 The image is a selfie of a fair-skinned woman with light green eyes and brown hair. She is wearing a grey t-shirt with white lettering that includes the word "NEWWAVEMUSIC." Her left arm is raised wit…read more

+--

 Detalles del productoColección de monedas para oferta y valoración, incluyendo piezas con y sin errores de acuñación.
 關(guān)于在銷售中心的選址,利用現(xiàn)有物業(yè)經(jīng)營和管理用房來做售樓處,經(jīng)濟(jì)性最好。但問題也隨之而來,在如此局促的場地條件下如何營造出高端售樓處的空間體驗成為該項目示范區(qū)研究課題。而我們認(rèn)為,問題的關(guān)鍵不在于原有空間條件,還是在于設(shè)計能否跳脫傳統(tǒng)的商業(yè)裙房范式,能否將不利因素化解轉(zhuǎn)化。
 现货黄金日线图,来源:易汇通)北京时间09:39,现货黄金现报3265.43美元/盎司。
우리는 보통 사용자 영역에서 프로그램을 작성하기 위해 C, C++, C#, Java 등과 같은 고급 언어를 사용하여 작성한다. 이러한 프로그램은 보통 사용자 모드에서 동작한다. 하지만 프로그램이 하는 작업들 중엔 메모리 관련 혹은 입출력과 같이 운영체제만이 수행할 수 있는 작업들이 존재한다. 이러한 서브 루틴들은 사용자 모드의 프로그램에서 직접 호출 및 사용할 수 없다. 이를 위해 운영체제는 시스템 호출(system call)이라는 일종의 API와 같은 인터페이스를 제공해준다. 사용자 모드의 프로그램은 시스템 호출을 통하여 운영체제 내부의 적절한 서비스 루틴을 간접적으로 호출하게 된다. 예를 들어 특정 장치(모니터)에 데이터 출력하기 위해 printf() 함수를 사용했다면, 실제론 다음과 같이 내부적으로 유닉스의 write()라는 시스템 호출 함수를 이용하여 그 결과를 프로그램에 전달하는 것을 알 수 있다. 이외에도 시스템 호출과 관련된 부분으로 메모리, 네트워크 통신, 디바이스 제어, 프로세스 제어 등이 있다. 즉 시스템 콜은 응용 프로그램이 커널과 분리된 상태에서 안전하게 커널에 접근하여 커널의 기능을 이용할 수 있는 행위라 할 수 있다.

+--

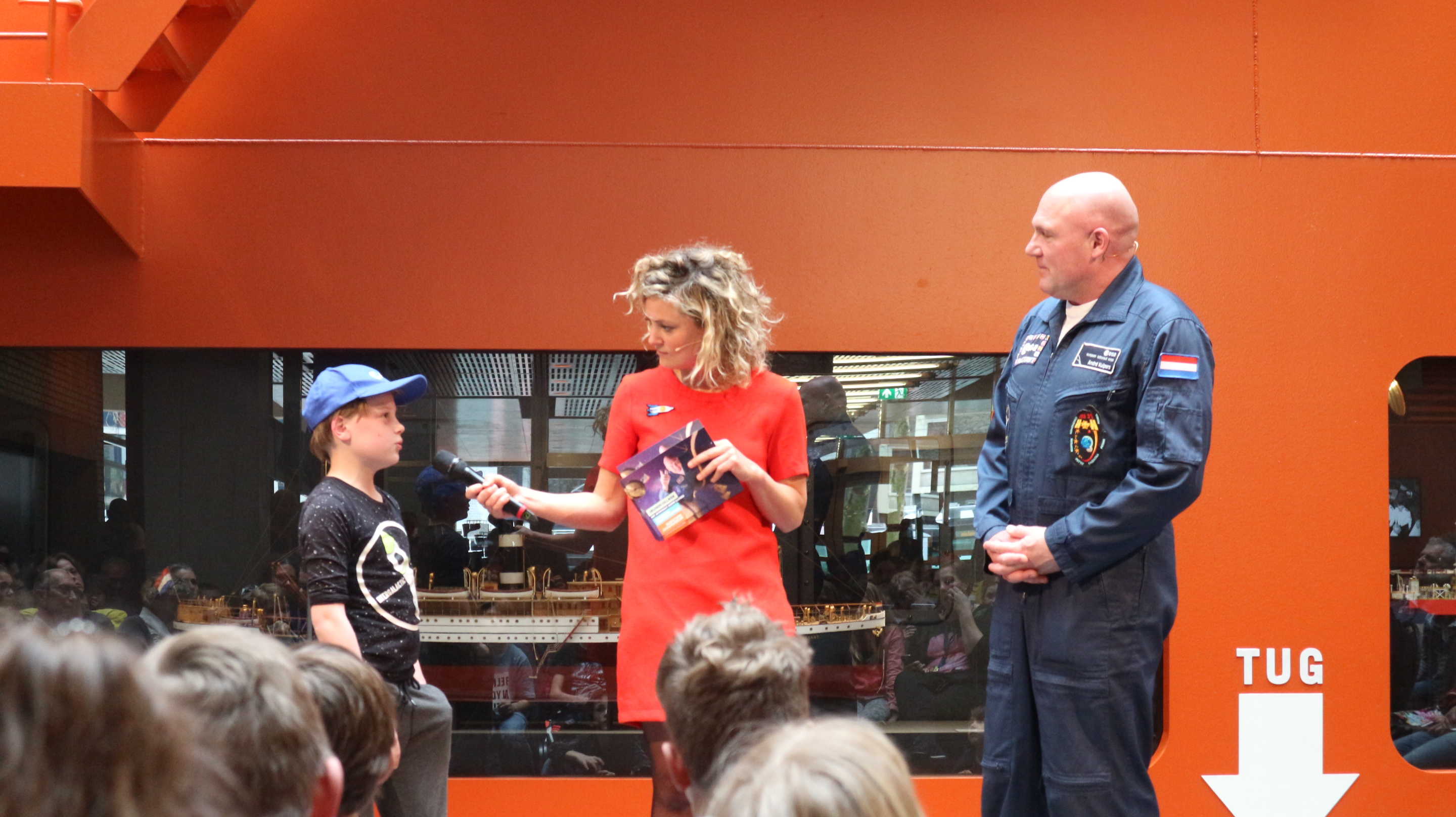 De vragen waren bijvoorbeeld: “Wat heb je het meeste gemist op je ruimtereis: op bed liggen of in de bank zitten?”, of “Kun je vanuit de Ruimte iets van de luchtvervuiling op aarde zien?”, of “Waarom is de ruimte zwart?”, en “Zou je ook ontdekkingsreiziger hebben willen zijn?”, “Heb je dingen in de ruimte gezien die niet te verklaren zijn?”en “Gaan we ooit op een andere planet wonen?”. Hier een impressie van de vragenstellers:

+--

◆ **Exercise instructions**
In the data above, which lines lie between the line with "Detalles del productoColección" and the line with "우리는 보통 사용자 영역에서", inclusive? Print those lines exactly and nothing else.

◆ **Solution to the exercise**
 Detalles del productoColección de monedas para oferta y valoración, incluyendo piezas con y sin errores de acuñación.
 關(guān)于在銷售中心的選址,利用現(xiàn)有物業(yè)經(jīng)營和管理用房來做售樓處,經(jīng)濟(jì)性最好。但問題也隨之而來,在如此局促的場地條件下如何營造出高端售樓處的空間體驗成為該項目示范區(qū)研究課題。而我們認(rèn)為,問題的關(guān)鍵不在于原有空間條件,還是在于設(shè)計能否跳脫傳統(tǒng)的商業(yè)裙房范式,能否將不利因素化解轉(zhuǎn)化。
 现货黄金日线图,来源:易汇通)北京时间09:39,现货黄金现报3265.43美元/盎司。
우리는 보통 사용자 영역에서 프로그램을 작성하기 위해 C, C++, C#, Java 등과 같은 고급 언어를 사용하여 작성한다. 이러한 프로그램은 보통 사용자 모드에서 동작한다. 하지만 프로그램이 하는 작업들 중엔 메모리 관련 혹은 입출력과 같이 운영체제만이 수행할 수 있는 작업들이 존재한다. 이러한 서브 루틴들은 사용자 모드의 프로그램에서 직접 호출 및 사용할 수 없다. 이를 위해 운영체제는 시스템 호출(system call)이라는 일종의 API와 같은 인터페이스를 제공해준다. 사용자 모드의 프로그램은 시스템 호출을 통하여 운영체제 내부의 적절한 서비스 루틴을 간접적으로 호출하게 된다. 예를 들어 특정 장치(모니터)에 데이터 출력하기 위해 printf() 함수를 사용했다면, 실제론 다음과 같이 내부적으로 유닉스의 write()라는 시스템 호출 함수를 이용하여 그 결과를 프로그램에 전달하는 것을 알 수 있다. 이외에도 시스템 호출과 관련된 부분으로 메모리, 네트워크 통신, 디바이스 제어, 프로세스 제어 등이 있다. 즉 시스템 콜은 응용 프로그램이 커널과 분리된 상태에서 안전하게 커널에 접근하여 커널의 기능을 이용할 수 있는 행위라 할 수 있다.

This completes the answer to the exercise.